Она качнула головой, невесело:
– Да, ты прав, но все-таки мне не хотелось о нем думать плохо…
Он заметил, что-то появилось в ней новое, быть может, уже в годы войны – в своих суждениях она не стала менее категоричной, и все-таки у нее появилась большая терпимость. Круг хороших людей в ее представлении стал шире. В прежнее время она не задумываясь отнесла бы издателя с Пиккадилли к людям, которые для нее не существуют, сейчас она была к нему снисходительна. Нельзя сказать, что она изменила свое отношение в принципе, принцип остался неизменным, но понимала она этот принцип не столь узко.
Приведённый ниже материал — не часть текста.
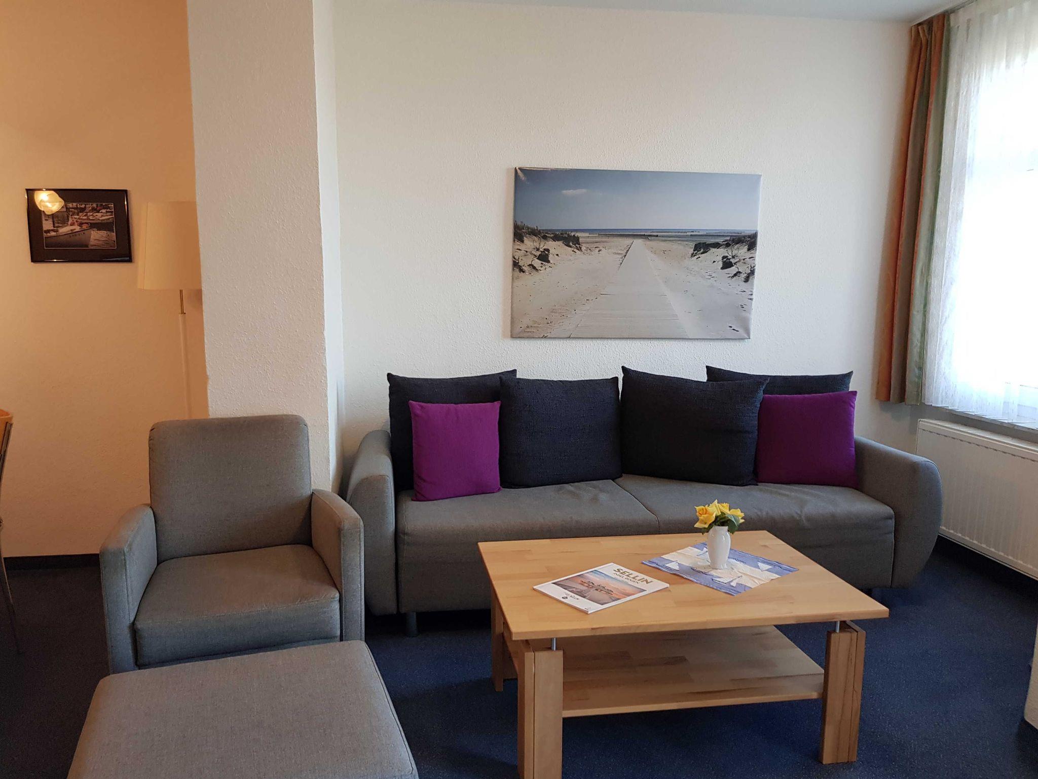 Sie haben eine gute Wahl getroffen. Die Residenz Seeblick ist ein modernes, im Bäderstil saniertes Appartementhaus direkt an der Ostsee. Es steht Ihnen ein 3 Zimmer Apartment mit Balkon in bevorzugter Lage zur Verfügung. Nur wenige Meter zum Strand von Sellin und zur Seebrücke, dem Wahrzeichen von Sellin sprechen für sich. Ihre Wohnung errreichen Sie barrierefrei mit einen Glasaufzug . Ein freier Wireless Lan Internetzugang steht zur Verfügung . Die Appartements sind modern ausgestattet und verfügen über eine gut bestückte Küchenzeile mit Geschirrspüler. Die Zimmer verfügen über Kabel-TV mit DVD Player und Stereoanlage mit CD Spieler. Unterstellmöglichkeiten für Ihre Fahrräder befinden sich im und am Haus . Für jede Wohnung steht ein Parkplatz zur verfügung. Alle Wohnungen haben einen möbilierten Balkon. Eine Sauna mit Ruheliegen und Finessraum sowie Waschmaschine und Trockner stehen Ihnen in den Gemeinschaftsräumen gegen Gebühr zur Verfügung.

Кстати, об этом сейчас думал и Бекетов, очевидно повинуясь все тому же закону «муж и жена – одна сатана».
– Стареем мы с тобою, Екатерина, в иное время мы были непримиримее, – заметил Бекетов. – Молодость, прости меня, честнее…
Она отрицательно повела седой головой, ей не хотелось клеймить ни себя, ни Сергея.
– Нет, это иное, совсем иное…
Он лег в этот раз поздно. Долго сидел, погасив свет. В квартире было тихо, и город, казалось, не мешал этой тишине, видно, мир помаленьку входил уже в этот город. Каким-то он будет, этот мир?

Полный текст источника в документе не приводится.